- Church: Roman Catholic Church

Orders
- Ordination: 26 September 1915

Personal details
- Born: 4 September 1891 Margao, Goa, Portuguese India
- Died: 7 July 1975 (aged 83) Margao, Goa, India

= Francisco Xavier da Piedade Rebelo =

Indian Catholic prelate (1891 - 1975)

Dom Bishop Francisco Xavier da Piedade Rebelo (September 4, 1891 – July 7, 1975) was a prelate of Goan origin, the first Goan to head the Archdiocese of Goa and Daman, as apostolic administrator.

== Early life ==
Rebello was born to João Fenelon da Piedade Rebelo and his wife Perciliana Esmeralda da Piedade de Miranda, in Margao, South Goa.

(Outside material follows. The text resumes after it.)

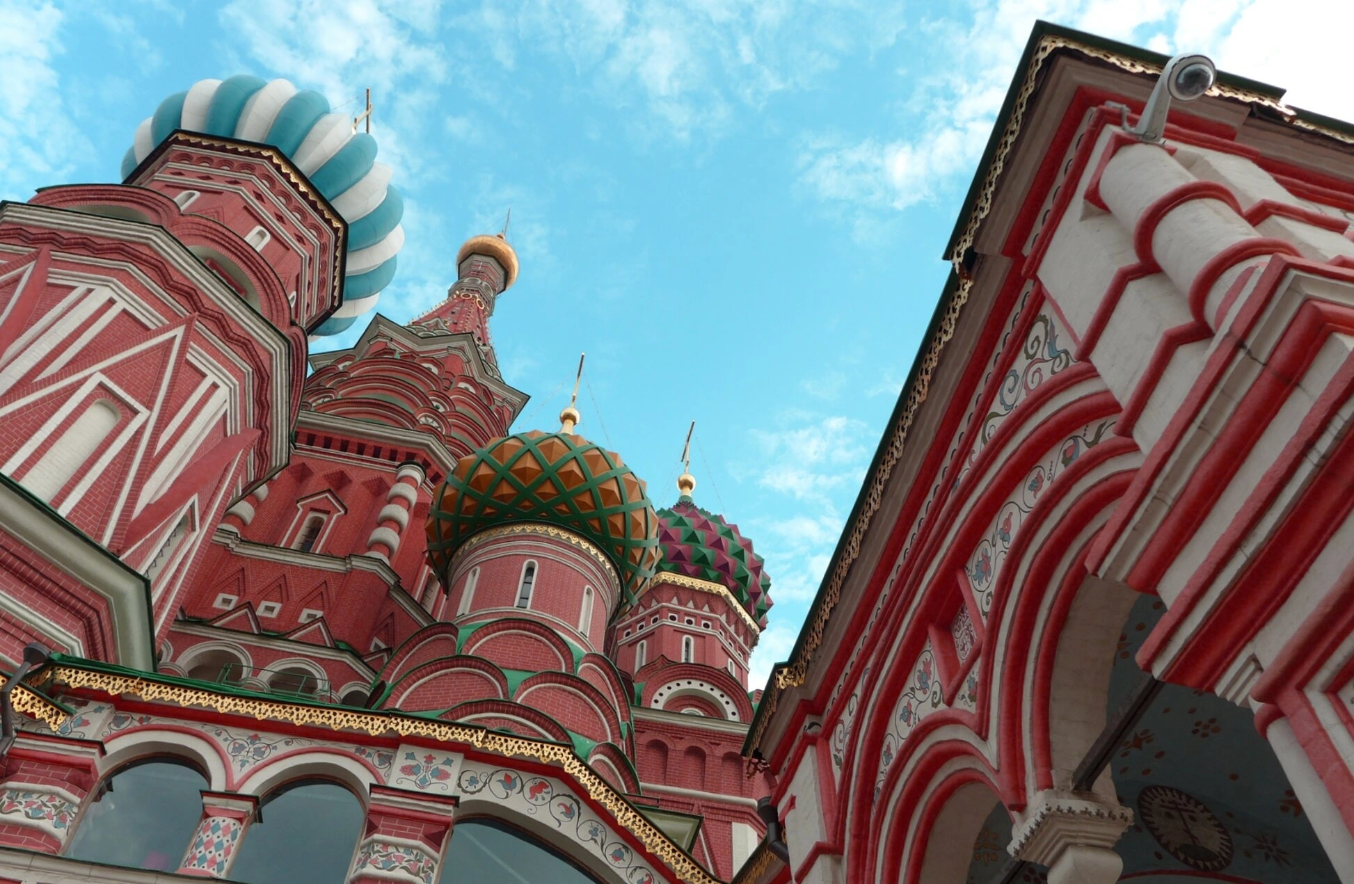 Справа в кадре видна часть арки пристроя, что позволяет оценить комплексный, составной характер всего архитектурного ансамбля, состоящего из девяти церквей на общем основании. Расположенный по координатам 55.7525° северной широты и 37.62305556° восточной долготы, этот собор был возведён в середине XVI века по повелению царя Ивана Грозного в честь победы над Казанским ханством. Ныне он является объектом всемирного наследия ЮНЕСКО и действующим храмом Русской Православной Церкви, привлекающим паломников и туристов со всего мира.

He was ordained priest on September 26, 1915, incardinated in the Archdiocese of Goa and Daman.

==Religious appointments==
On November 15, 1963, he was appointed auxiliary bishop of Goa, being consecrated on December 21, 1963 by James Robert Knox, apostolic nuncio in India, with the Bishop of Guntur, Ignatius Mummadi and the Bishop of Poona Andrew Alexis D'Souza co-consecrating .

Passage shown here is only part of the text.